Quality control limits the biggest risks posed by licensing, and no area of licensing is now receiving more attention.  This article will discuss the ways that licensors and their agents are working to avoid the risks of product liability – the injury that can hit a licensed brand closest to home – before entering into a license agreement.  In my next article I will address the ways that licensors and their agents can regulate quality control after the license agreement has been signed.

A Little History

Not long ago, many brand-owners got into licensing for opportunistic reasons, with a focus on the revenue they could generate by sharing their trademarks with third-party licensees.

For a number of reasons, this opportunistic model of licensing has faded away.  One reason is that licensing has become increasingly important to the brands themselves, and has become – like advertising or direct marketing – an integral part of brand management.

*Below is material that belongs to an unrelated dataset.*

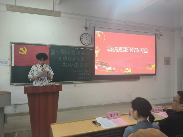 開(kāi)班典禮上,第十期入黨積極分子學(xué)生代表23級(jí)財(cái)務(wù)管理三班李琦同學(xué),分享了自己對(duì)中國(guó)共產(chǎn)黨的深刻認(rèn)識(shí)并承諾在黨課學(xué)習(xí)中嚴(yán)于律己、努力學(xué)習(xí)。隨后,支部書(shū)記陳維浩對(duì)本期培訓(xùn)班學(xué)員提出紀(jì)律要求,鼓勵(lì)學(xué)員認(rèn)真學(xué)習(xí)領(lǐng)會(huì)黨課知識(shí)內(nèi)涵,并在日常學(xué)習(xí)、生活等方面爭(zhēng)當(dāng)先鋒模范。最后,夏丹青副書(shū)記作動(dòng)員講話(huà),她希望同學(xué)們珍惜本次黨課學(xué)習(xí)機(jī)會(huì),端正入黨動(dòng)機(jī),樹(shù)立為共產(chǎn)主義事業(yè)奮斗終生的理想信念。

When licensing was viewed as a world unto itself (little more than a way to pick up some extra dollars on the side), it got little attention.  As brand managers and others have learned what licensing can do to affect the long-term value of their brands, so has their understanding that anything with the potential for great good also has the potential for great harm.

Due Diligence

Quality control begins for licensors and their agents long before they are negotiating a contract with a licensee.  Licensors must conduct a full quality assessment on potential categories for licensing as well as potential licensees.  Licensors need to develop quality standards for any product that they are prepared to license.  In sensitive areas (product categories that present special issues of functionality or safety) they need to gather quality information from potential licensees – information regarding error and recall rates, warranty rates, rework-redo policies, recall policies, provisions for lot inspections – all the things that can provide a sense of comfort that the licensee has a record of high-quality work and procedures in place to keep it up.

Licensors should also do reference checking on quality-related issues with other licensors and retailers who have worked with their prospective licensees.  Is the licensee good at producing consistent, high-quality products?  How well does it handle returns and complaints?  How diligently does it comply with the licensor’s exercise of its approval rights in the product-development process?

If the products are likely to be manufactured overseas the licensor should perform some due diligence on a licensee’s qualifications and strength in this area.  How does the licensee qualify its products with its vendors?  How do they conduct inspections in foreign production facilities?

Contractual Quality-Related Provisions

The simplest way to avoid a risk is to get another party to assume it, and almost all license agreements impose minimum insurance requirements on licensees and require the licensee to indemnify the licensor for any obligations the licensor might incur in connection with the licensed product.   Because indemnification provisions are only as valuable as the licensee assets underlying them, insurance provisions are getting increasing attention.  Those insurance requirements have been rising.  Many large trademark licensors now require $5-10 million of insurance, especially for products that could pose harm to consumers.

Other contractual provisions that address quality are clauses that specify the licensor’s right to inspect manufacturing facilities; requirements that the licensee enter into approved agreements with any sub-contractors (who are also subject to the licensor’s quality controls); and specific provisions that address consumer complaints and product recalls.

Termination provisions are often overlooked as an alternate way to address (and enforce) quality control issues.  A typical license agreement grants the licensor the right to terminate the contract immediately in the case of certain events; in the case of other breaches, the licensee usually has the right to correct its mistakes within 30 days.  Where the licensed products poses genuine quality risks, the agreement include the violation of its relevant quality provisions as grounds for immediate termination of the license.  In such cases the licensee must understand that its mistakes (and the harm they inflict on the brand) cannot be cured.

In the end, even careful due diligence and thorough contractual protections cannot reimburse brand owners for injury to their brand in the eyes of consumers that results from a faulty or harmful licensed product.  In my next column I will address some of the methods the trademark licensors are using to further limit that risk in the way they review product development, manufacturing, ongoing production and sell-off to further limit the risk that a licensee’s mistakes will reduce consumer trust in their products or brand.